Beard: Raptors the NBA champions? That's gonna take some getting used to

Rod Beard
The Detroit News
Thousands of fans celebrate in the streets of Toronto after the Raptors defeated the Golden State Warriorrs.

It was an unkind ending to the Golden State Warriors’ back-to-back title run, with three championships in four years. After getting DeMarcus Cousins in and assembling what some thought would be the best starting five in NBA history, the Warriors were decimated by injuries in the deciding game of the NBA Finals.

The Toronto Raptors are the NBA champions.

That’s going to take some getting used to.

This whole NBA season and playoffs went off script, so nothing should have come as a surprise — although seeing the Warriors without Kevin Durant and Klay Thompson in the fourth quarter ranks right up there.

But give them full credit: Kawhi Leonard and the Raptors earned it.

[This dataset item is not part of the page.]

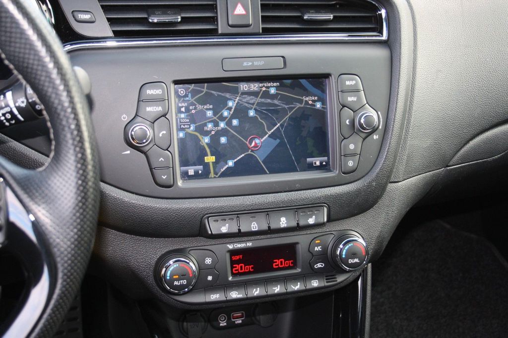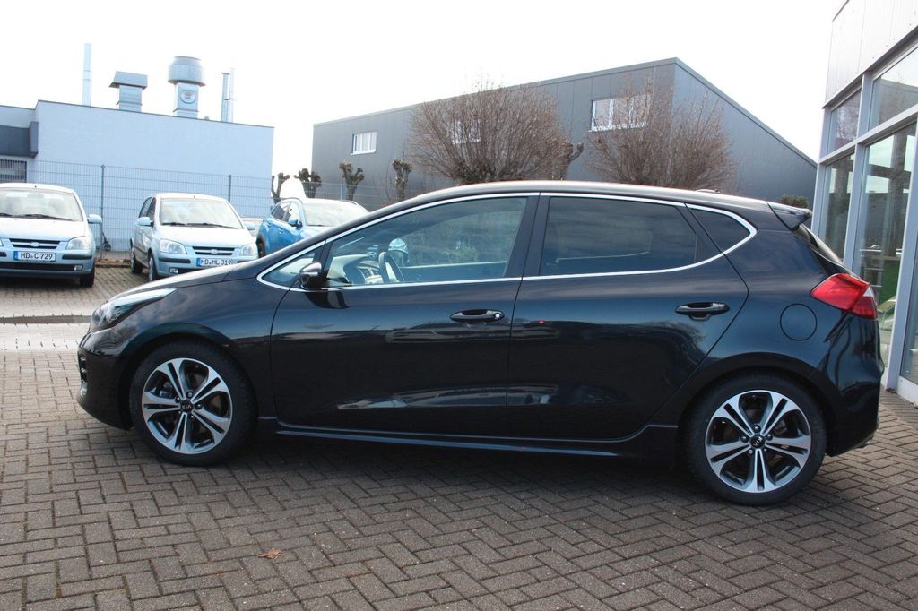 Dieser gepflegte KIA Ceed aus dem Jahr 2016 präsentiert sich in elegantem Schwarz-Metallic und überzeugt durch seine umfangreiche Ausstattung. Der sparsame 3-Zylinder Benzinmotor mit 998 ccm Hubraum leistet 120 PS und erfüllt die Euro 6 Abgasnorm. Das Fahrzeug verfügt über ein manuelles Schaltgetriebe und Frontantrieb. Mit lückenlosem Scheckheft, frischer HU/AU und neuem Service bietet dieser Kompaktwagen höchste Zuverlässigkeit.Die Ausstattung lässt kaum Wünsche offen: Automatische Klimaanlage, Navigationssystem, Touchscreen, Bluetooth-Freisprecheinrichtung und Musikstreaming sorgen für Komfort und Konnektivität. Sicherheit wird durch Front-, Seiten- und weitere Airbags, ESP, ABS, Berganfahrhilfe und Reifendruckkontrolle gewährleistet. Parksensoren hinten und Rückfahrkamera erleichtern das Einparken. Das Interieur in Schwarz mit Stoffbezügen, beheizbaren Sitzen und Lenkradheizung bietet Komfort für alle fünf Passagiere.

Team president Masai Ujiri took a calculated risk in trading for Leonard and moving on from coach Dwane Casey — and it paid off. With LeBron James gone from the East, the Raptors took full advantage, finally turning their previous years of playoff heartbreak into a title, with a thrilling six-game triumph on Thursday night.

There will be pseudo-excuses about the Warriors playing without Durant and Thompson for most of the Finals and the Raptors getting lucky.

Part-truth, but also part-fallacy.

Although the Raptors often looked tentative in the early rounds of the playoffs, they pulled things together as the postseason progressed, with Leonard taking on the scoring load and willing the team past the Bucks in the conference finals and into the Finals.

Kyle Lowry got some validation after years of getting not close enough with DeMar DeRozan and Pascal Siakam and Fred Van Vleet opened some eyes as emerging young talents.

The Raptors took it to the Warriors from the start of the series and won all three games in the Finals at Oracle Arena — where Golden State lost just 11 times — in the final games there before the Warriors move to San Francisco next season.

It won’t be all champagne toasts for the Warriors next season, either.

Thompson has an ACL injury that could keep him out for half of the season and Durant, who can become a free agent, likely will miss the entire season because of his ruptured Achilles. That leaves the Western Conference more up for grabs than it has been since the Warriors’ reign started.

The Rockets reportedly were open to trading much of their roster in order to reconfigure and challenge the Warriors. They may rethink that plan now. The Blazers, who lost to Golden State in the conference finals, also could be a team in the hunt next season, along with the Lakers, Thunder and Nuggets.

Without Durant, who was reportedly considering the Nets and Knicks, the landscape in the East changes as well. The Raptors, if they can keep Leonard in the fold, likely would be the favorites to emerge again.

Ujiri and the Raptors did it the right way.

They didn’t tank.

They didn’t try to take shortcuts.

They took a huge risk in trading their superstar in DeRozan and putting their belief behind first-year coach Nick Nurse. They added Marc Gasol and they played the two-time defending champs — shorthanded or not — nose to nose.

To the victors go the spoils.

With their first title in franchise history, the Raptors have at least earned that much.